== Work request ==
Leave the pictures out and quote every line from the start of the listing to the line with "Leyningsfoss - einnig nefndur Kotafoss", inclusive.

--------------------------------------------------

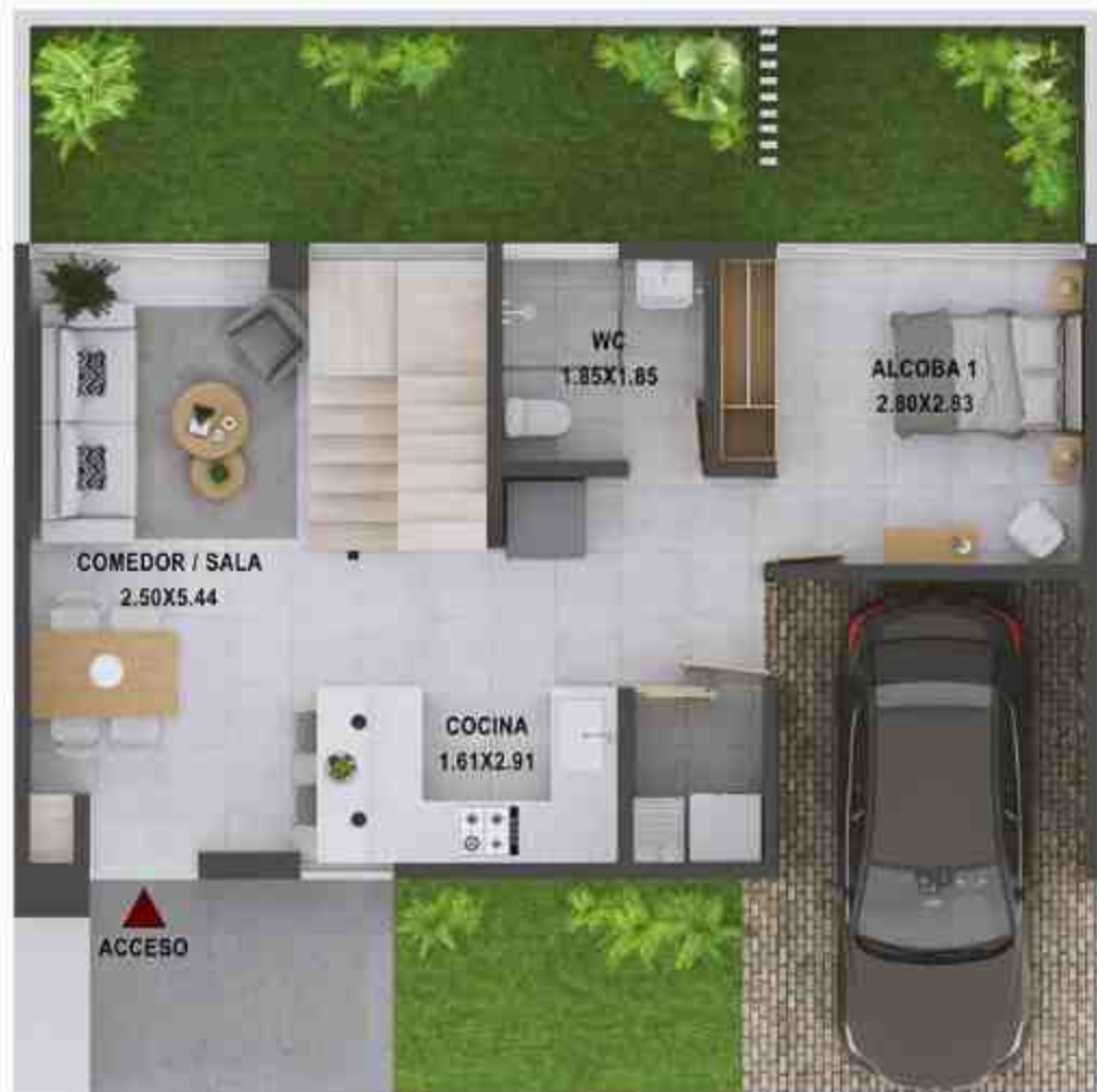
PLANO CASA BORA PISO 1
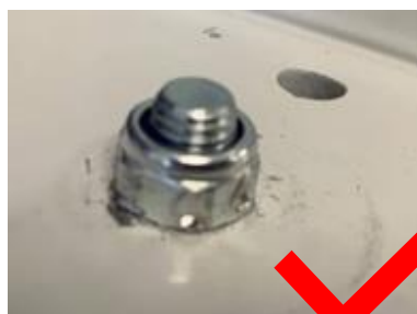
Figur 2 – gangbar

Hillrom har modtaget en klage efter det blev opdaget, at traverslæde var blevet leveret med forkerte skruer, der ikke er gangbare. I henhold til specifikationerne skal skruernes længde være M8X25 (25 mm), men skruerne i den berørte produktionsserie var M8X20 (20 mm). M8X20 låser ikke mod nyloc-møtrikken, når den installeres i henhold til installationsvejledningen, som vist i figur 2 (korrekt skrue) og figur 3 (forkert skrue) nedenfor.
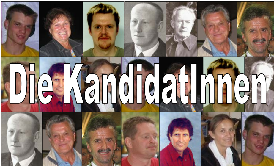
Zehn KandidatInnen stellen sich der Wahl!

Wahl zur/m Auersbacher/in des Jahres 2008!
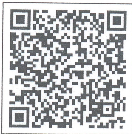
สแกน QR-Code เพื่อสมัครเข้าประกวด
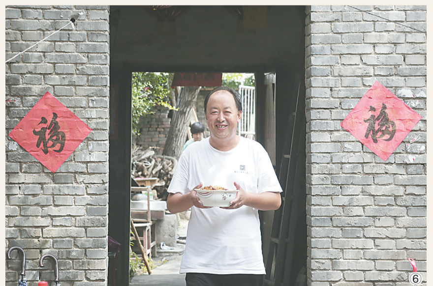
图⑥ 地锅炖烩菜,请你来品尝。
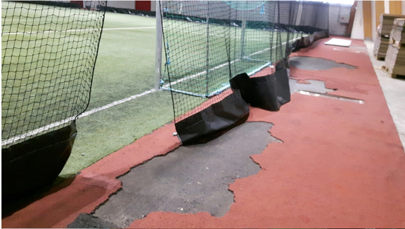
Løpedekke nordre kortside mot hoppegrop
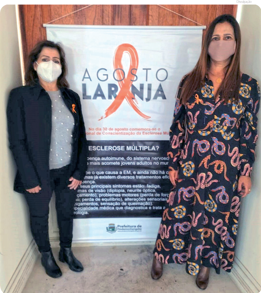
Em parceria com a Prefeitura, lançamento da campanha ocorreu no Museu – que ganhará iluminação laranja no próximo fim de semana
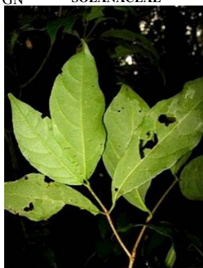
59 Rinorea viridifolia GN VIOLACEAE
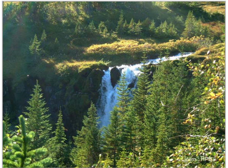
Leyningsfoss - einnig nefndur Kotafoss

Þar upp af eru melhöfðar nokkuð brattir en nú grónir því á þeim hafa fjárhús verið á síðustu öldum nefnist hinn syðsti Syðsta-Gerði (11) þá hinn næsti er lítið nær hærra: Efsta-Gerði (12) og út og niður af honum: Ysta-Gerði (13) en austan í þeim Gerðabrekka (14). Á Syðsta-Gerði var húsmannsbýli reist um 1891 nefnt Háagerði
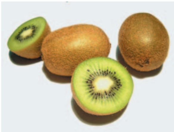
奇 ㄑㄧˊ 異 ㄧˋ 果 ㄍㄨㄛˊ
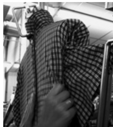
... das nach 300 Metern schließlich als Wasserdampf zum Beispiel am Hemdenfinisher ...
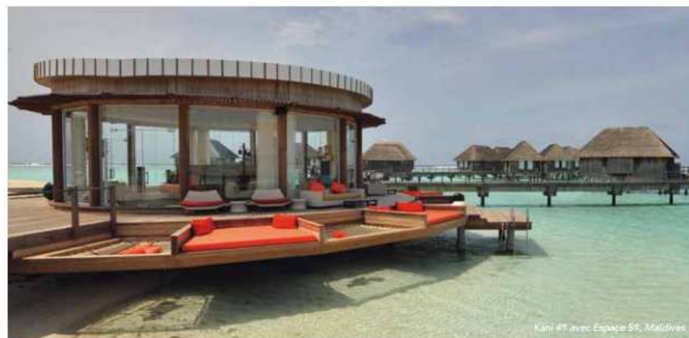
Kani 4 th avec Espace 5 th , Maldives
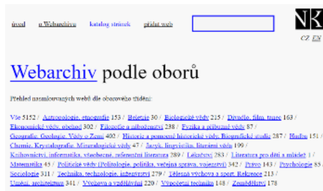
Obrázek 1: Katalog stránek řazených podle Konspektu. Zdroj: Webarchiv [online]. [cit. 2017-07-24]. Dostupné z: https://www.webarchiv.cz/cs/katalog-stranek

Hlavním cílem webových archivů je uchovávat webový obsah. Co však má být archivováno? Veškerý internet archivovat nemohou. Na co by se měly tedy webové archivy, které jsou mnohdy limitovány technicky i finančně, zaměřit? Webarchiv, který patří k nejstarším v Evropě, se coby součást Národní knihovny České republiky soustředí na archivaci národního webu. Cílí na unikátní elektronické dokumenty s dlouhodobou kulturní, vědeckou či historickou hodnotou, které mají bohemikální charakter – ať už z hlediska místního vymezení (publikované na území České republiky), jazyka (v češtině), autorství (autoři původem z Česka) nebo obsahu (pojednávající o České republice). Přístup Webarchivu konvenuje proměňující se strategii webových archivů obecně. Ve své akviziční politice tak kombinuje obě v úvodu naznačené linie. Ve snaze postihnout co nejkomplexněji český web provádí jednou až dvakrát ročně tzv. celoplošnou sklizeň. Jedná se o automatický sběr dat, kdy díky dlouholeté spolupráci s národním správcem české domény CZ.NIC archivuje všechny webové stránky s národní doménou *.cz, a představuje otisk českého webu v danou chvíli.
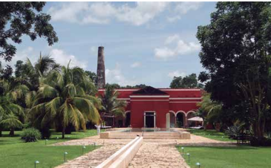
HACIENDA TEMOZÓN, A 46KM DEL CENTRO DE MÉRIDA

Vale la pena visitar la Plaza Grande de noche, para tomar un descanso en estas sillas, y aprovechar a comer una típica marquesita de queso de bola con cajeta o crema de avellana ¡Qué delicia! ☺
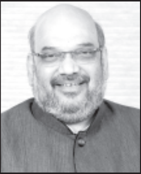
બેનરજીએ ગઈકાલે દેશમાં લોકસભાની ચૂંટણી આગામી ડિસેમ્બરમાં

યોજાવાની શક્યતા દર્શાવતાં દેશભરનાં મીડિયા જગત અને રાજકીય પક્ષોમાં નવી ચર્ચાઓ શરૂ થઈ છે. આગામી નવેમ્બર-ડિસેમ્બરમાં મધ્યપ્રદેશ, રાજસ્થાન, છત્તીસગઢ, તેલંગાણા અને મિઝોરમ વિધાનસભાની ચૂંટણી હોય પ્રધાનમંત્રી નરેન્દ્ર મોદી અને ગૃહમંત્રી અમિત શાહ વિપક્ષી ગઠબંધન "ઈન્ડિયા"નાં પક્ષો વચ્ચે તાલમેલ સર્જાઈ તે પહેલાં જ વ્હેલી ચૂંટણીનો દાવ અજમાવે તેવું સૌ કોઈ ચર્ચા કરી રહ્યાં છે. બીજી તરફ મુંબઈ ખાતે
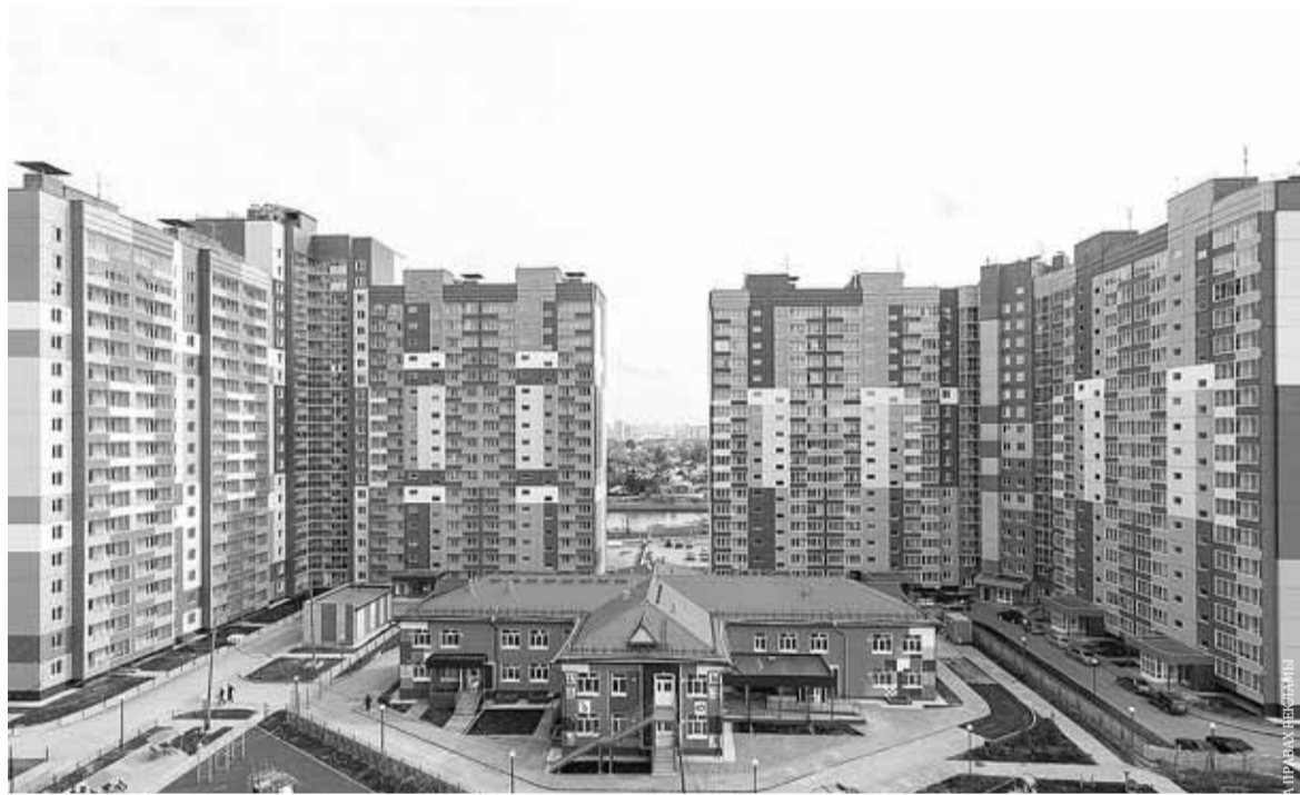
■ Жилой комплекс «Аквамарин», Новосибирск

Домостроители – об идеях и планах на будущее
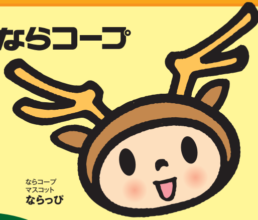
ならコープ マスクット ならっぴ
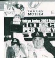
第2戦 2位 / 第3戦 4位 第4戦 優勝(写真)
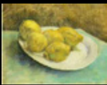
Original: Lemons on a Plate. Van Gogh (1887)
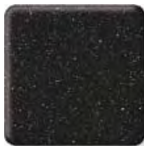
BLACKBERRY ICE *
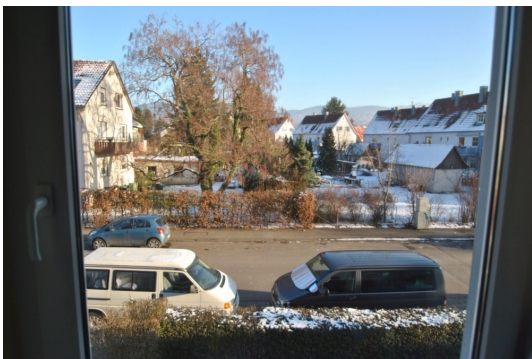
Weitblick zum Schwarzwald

--------------------------------------------------

== Answer to the exercise ==
PLANO CASA BORA PISO 1
Figur 2 – gangbar

Hillrom har modtaget en klage efter det blev opdaget, at traverslæde var blevet leveret med forkerte skruer, der ikke er gangbare. I henhold til specifikationerne skal skruernes længde være M8X25 (25 mm), men skruerne i den berørte produktionsserie var M8X20 (20 mm). M8X20 låser ikke mod nyloc-møtrikken, når den installeres i henhold til installationsvejledningen, som vist i figur 2 (korrekt skrue) og figur 3 (forkert skrue) nedenfor.
Zehn KandidatInnen stellen sich der Wahl!

Wahl zur/m Auersbacher/in des Jahres 2008!
สแกน QR-Code เพื่อสมัครเข้าประกวด
图⑥ 地锅炖烩菜,请你来品尝。
Løpedekke nordre kortside mot hoppegrop
Em parceria com a Prefeitura, lançamento da campanha ocorreu no Museu – que ganhará iluminação laranja no próximo fim de semana
59 Rinorea viridifolia GN VIOLACEAE
Leyningsfoss - einnig nefndur Kotafoss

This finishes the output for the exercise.